[Stored entries]
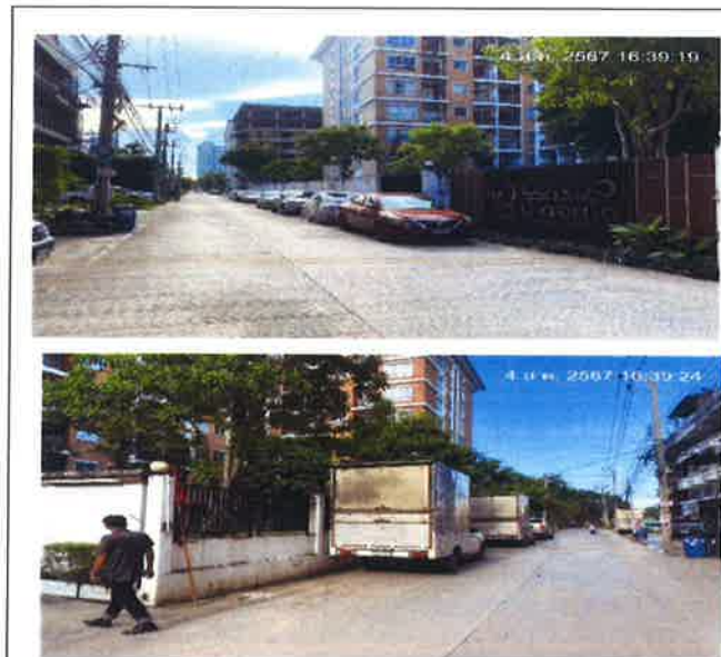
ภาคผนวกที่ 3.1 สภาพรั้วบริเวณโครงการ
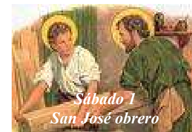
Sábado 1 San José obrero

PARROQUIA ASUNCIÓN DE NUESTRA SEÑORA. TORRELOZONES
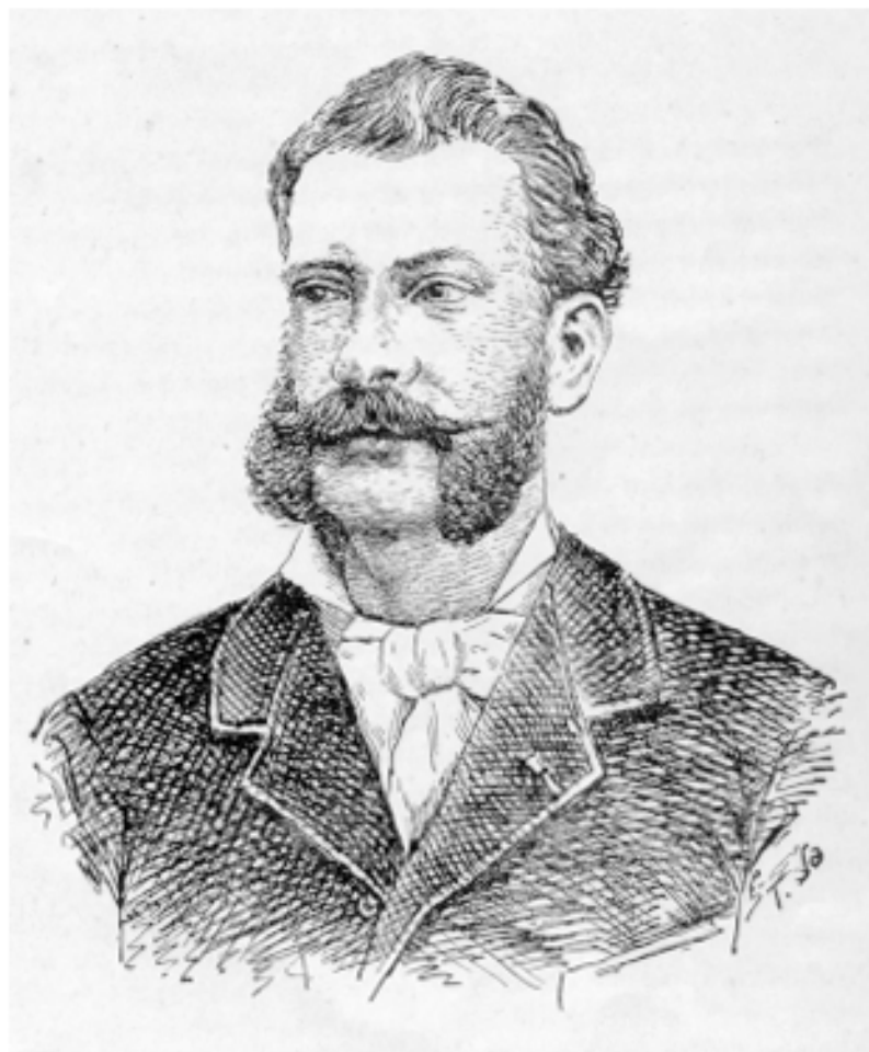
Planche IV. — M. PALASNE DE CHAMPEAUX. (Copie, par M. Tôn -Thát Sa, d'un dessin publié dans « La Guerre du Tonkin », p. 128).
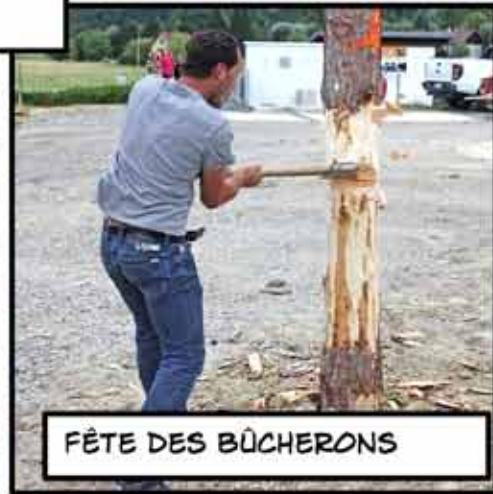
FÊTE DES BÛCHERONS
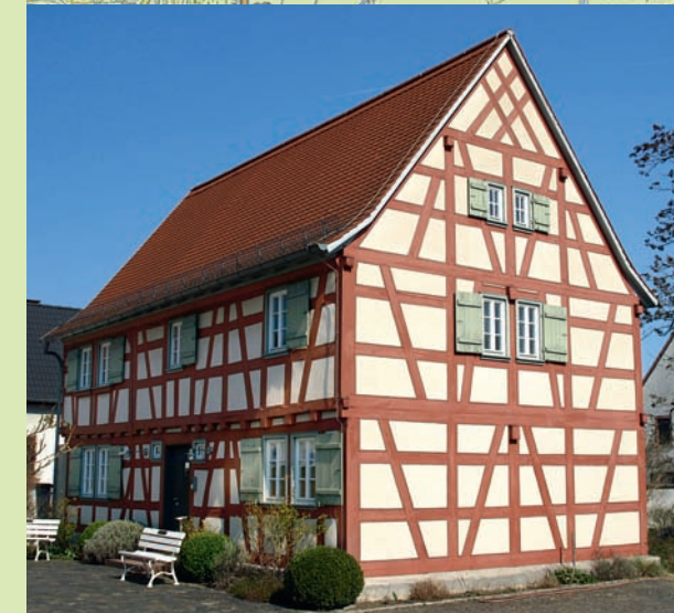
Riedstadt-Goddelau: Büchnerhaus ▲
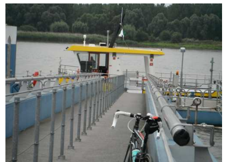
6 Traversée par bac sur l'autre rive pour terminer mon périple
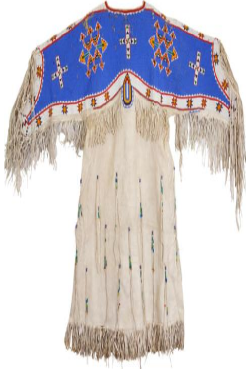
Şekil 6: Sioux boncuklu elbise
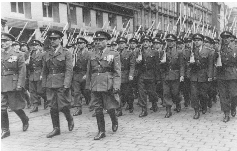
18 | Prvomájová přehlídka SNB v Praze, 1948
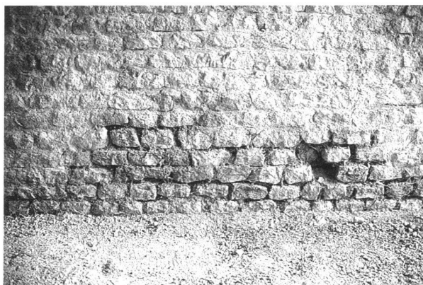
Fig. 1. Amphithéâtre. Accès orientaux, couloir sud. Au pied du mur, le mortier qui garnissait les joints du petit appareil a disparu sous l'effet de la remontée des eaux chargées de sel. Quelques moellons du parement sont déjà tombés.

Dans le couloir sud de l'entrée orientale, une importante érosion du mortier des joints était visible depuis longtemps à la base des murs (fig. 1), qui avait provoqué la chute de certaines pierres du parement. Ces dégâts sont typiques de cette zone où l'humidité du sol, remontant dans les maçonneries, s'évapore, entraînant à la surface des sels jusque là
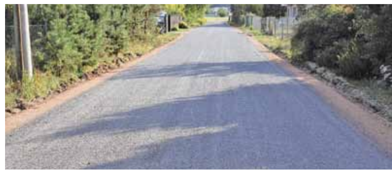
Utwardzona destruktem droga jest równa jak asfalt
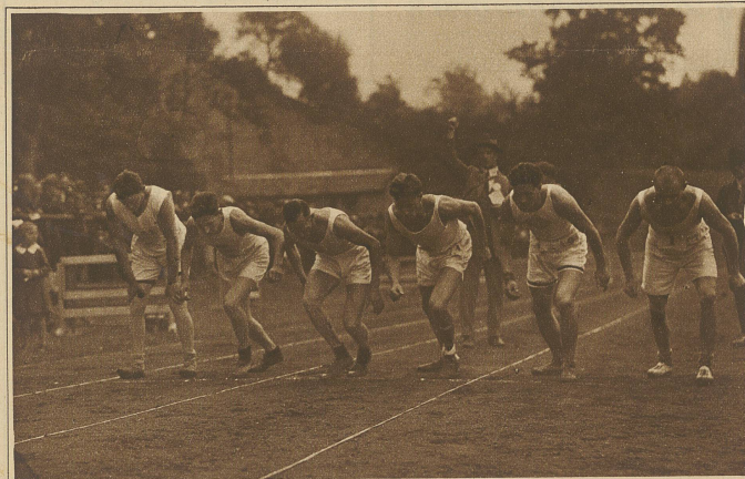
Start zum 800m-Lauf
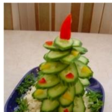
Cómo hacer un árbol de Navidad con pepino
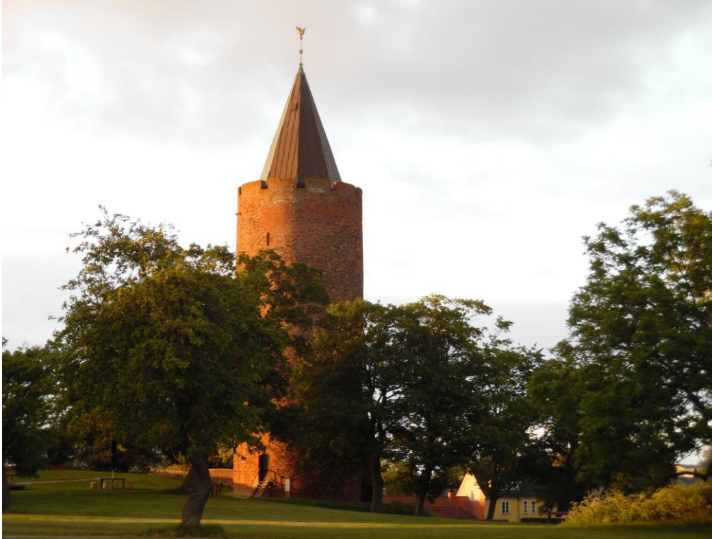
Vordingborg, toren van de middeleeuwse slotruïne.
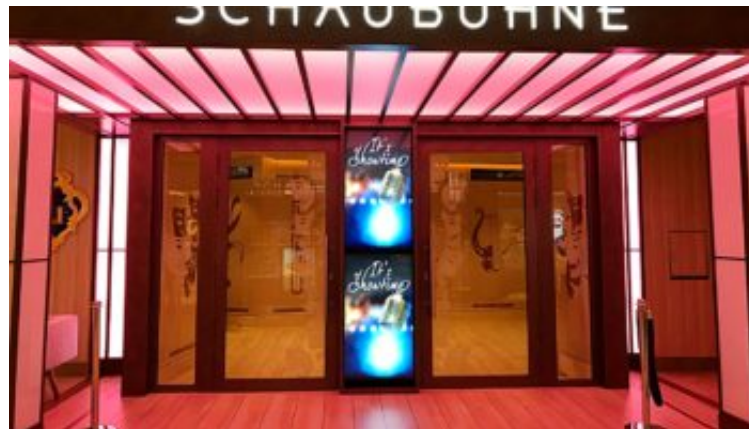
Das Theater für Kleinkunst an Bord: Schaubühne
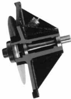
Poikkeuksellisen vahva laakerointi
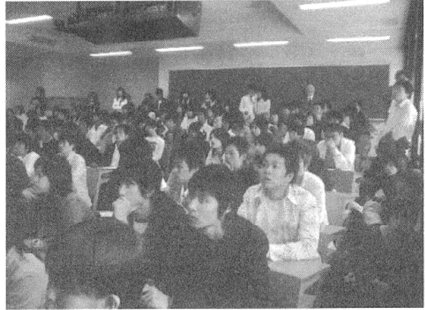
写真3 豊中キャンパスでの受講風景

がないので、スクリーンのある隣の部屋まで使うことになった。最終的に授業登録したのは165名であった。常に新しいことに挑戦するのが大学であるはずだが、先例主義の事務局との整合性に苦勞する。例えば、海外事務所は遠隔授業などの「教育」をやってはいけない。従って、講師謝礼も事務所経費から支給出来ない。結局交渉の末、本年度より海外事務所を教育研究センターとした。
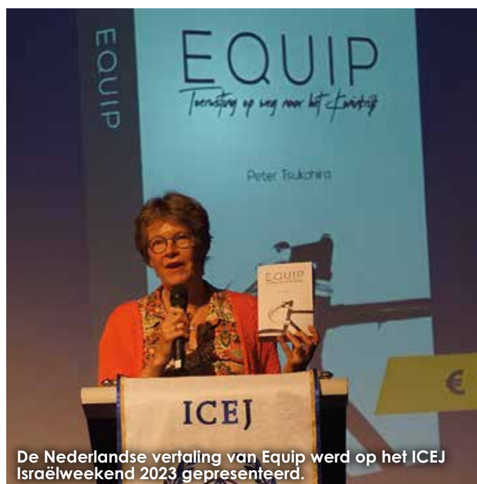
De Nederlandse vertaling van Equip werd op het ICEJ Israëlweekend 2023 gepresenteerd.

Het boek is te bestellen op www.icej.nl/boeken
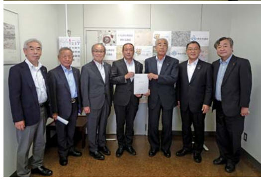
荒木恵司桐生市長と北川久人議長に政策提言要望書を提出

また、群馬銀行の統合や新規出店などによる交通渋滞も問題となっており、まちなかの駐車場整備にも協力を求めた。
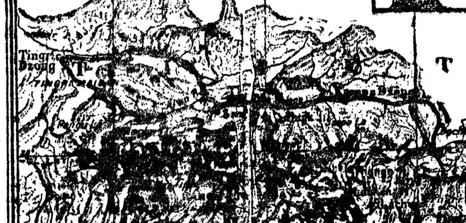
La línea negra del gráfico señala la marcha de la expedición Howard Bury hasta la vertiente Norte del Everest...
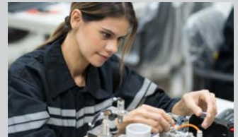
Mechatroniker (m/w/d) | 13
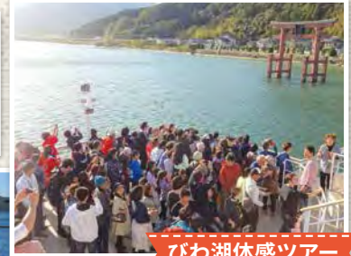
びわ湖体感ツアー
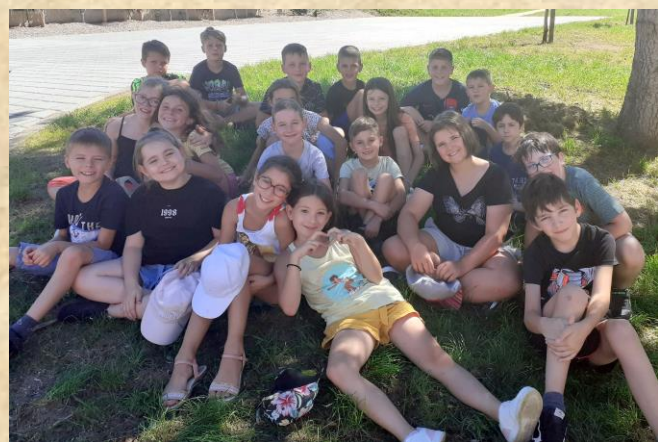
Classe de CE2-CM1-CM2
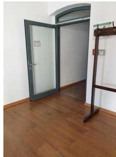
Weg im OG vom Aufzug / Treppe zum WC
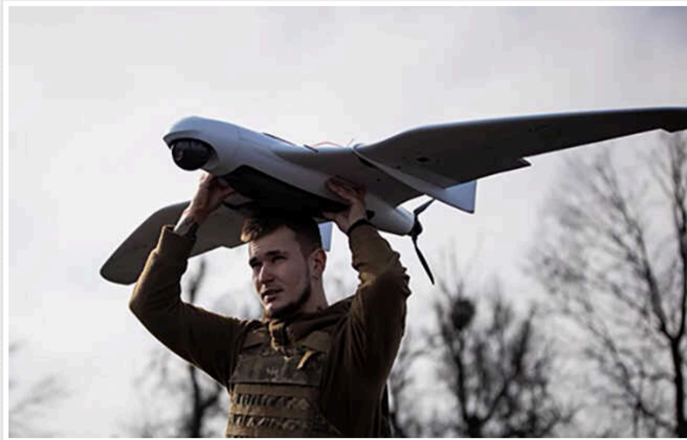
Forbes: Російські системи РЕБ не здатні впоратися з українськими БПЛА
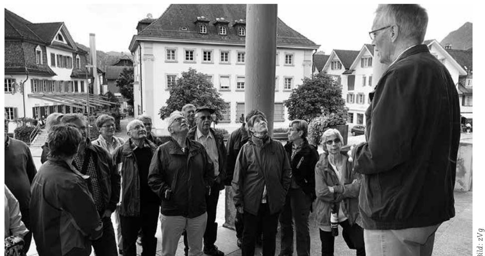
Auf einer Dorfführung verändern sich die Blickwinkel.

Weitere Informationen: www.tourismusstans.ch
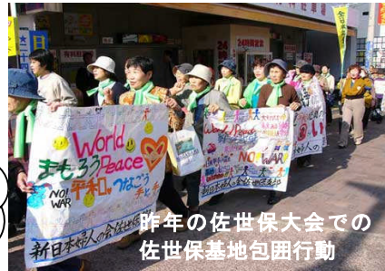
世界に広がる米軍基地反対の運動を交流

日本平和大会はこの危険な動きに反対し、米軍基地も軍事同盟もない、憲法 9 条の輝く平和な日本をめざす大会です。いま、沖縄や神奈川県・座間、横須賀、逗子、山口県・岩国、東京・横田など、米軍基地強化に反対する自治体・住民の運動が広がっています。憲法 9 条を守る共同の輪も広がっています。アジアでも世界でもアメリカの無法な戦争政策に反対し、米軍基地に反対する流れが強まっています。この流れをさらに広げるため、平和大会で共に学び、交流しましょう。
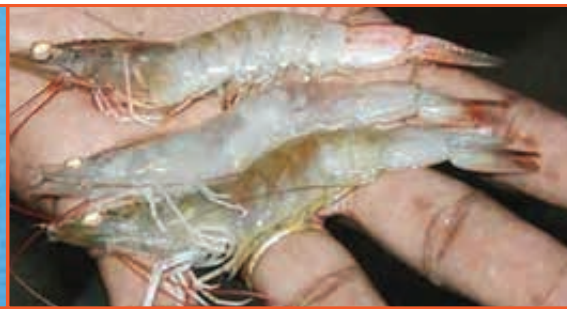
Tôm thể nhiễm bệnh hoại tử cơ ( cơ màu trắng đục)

What is expected
Exact copies of all the entries are needed; output them without the pictures.

Expected answer
ภาคผนวกที่ 3.1 สภาพรั้วบริเวณโครงการ
Sábado 1 San José obrero

PARROQUIA ASUNCIÓN DE NUESTRA SEÑORA. TORRELOZONES
Planche IV. — M. PALASNE DE CHAMPEAUX. (Copie, par M. Tôn -Thát Sa, d'un dessin publié dans « La Guerre du Tonkin », p. 128).
FÊTE DES BÛCHERONS
Riedstadt-Goddelau: Büchnerhaus ▲
6 Traversée par bac sur l'autre rive pour terminer mon périple
Şekil 6: Sioux boncuklu elbise
18 | Prvomájová přehlídka SNB v Praze, 1948
Fig. 1. Amphithéâtre. Accès orientaux, couloir sud. Au pied du mur, le mortier qui garnissait les joints du petit appareil a disparu sous l'effet de la remontée des eaux chargées de sel. Quelques moellons du parement sont déjà tombés.

Dans le couloir sud de l'entrée orientale, une importante érosion du mortier des joints était visible depuis longtemps à la base des murs (fig. 1), qui avait provoqué la chute de certaines pierres du parement. Ces dégâts sont typiques de cette zone où l'humidité du sol, remontant dans les maçonneries, s'évapore, entraînant à la surface des sels jusque là
Utwardzona destruktem droga jest równa jak asfalt
Start zum 800m-Lauf
Cómo hacer un árbol de Navidad con pepino
Vordingborg, toren van de middeleeuwse slotruïne.
Das Theater für Kleinkunst an Bord: Schaubühne
Poikkeuksellisen vahva laakerointi
写真3 豊中キャンパスでの受講風景

がないので、スクリーンのある隣の部屋まで使うことになった。最終的に授業登録したのは165名であった。常に新しいことに挑戦するのが大学であるはずだが、先例主義の事務局との整合性に苦勞する。例えば、海外事務所は遠隔授業などの「教育」をやってはいけない。従って、講師謝礼も事務所経費から支給出来ない。結局交渉の末、本年度より海外事務所を教育研究センターとした。
De Nederlandse vertaling van Equip werd op het ICEJ Israëlweekend 2023 gepresenteerd.

Het boek is te bestellen op www.icej.nl/boeken
荒木恵司桐生市長と北川久人議長に政策提言要望書を提出

また、群馬銀行の統合や新規出店などによる交通渋滞も問題となっており、まちなかの駐車場整備にも協力を求めた。
La línea negra del gráfico señala la marcha de la expedición Howard Bury hasta la vertiente Norte del Everest...
Mechatroniker (m/w/d) | 13
びわ湖体感ツアー
Classe de CE2-CM1-CM2
Weg im OG vom Aufzug / Treppe zum WC
Forbes: Російські системи РЕБ не здатні впоратися з українськими БПЛА
Auf einer Dorfführung verändern sich die Blickwinkel.

Weitere Informationen: www.tourismusstans.ch
世界に広がる米軍基地反対の運動を交流

日本平和大会はこの危険な動きに反対し、米軍基地も軍事同盟もない、憲法 9 条の輝く平和な日本をめざす大会です。いま、沖縄や神奈川県・座間、横須賀、逗子、山口県・岩国、東京・横田など、米軍基地強化に反対する自治体・住民の運動が広がっています。憲法 9 条を守る共同の輪も広がっています。アジアでも世界でもアメリカの無法な戦争政策に反対し、米軍基地に反対する流れが強まっています。この流れをさらに広げるため、平和大会で共に学び、交流しましょう。
Tôm thể nhiễm bệnh hoại tử cơ ( cơ màu trắng đục)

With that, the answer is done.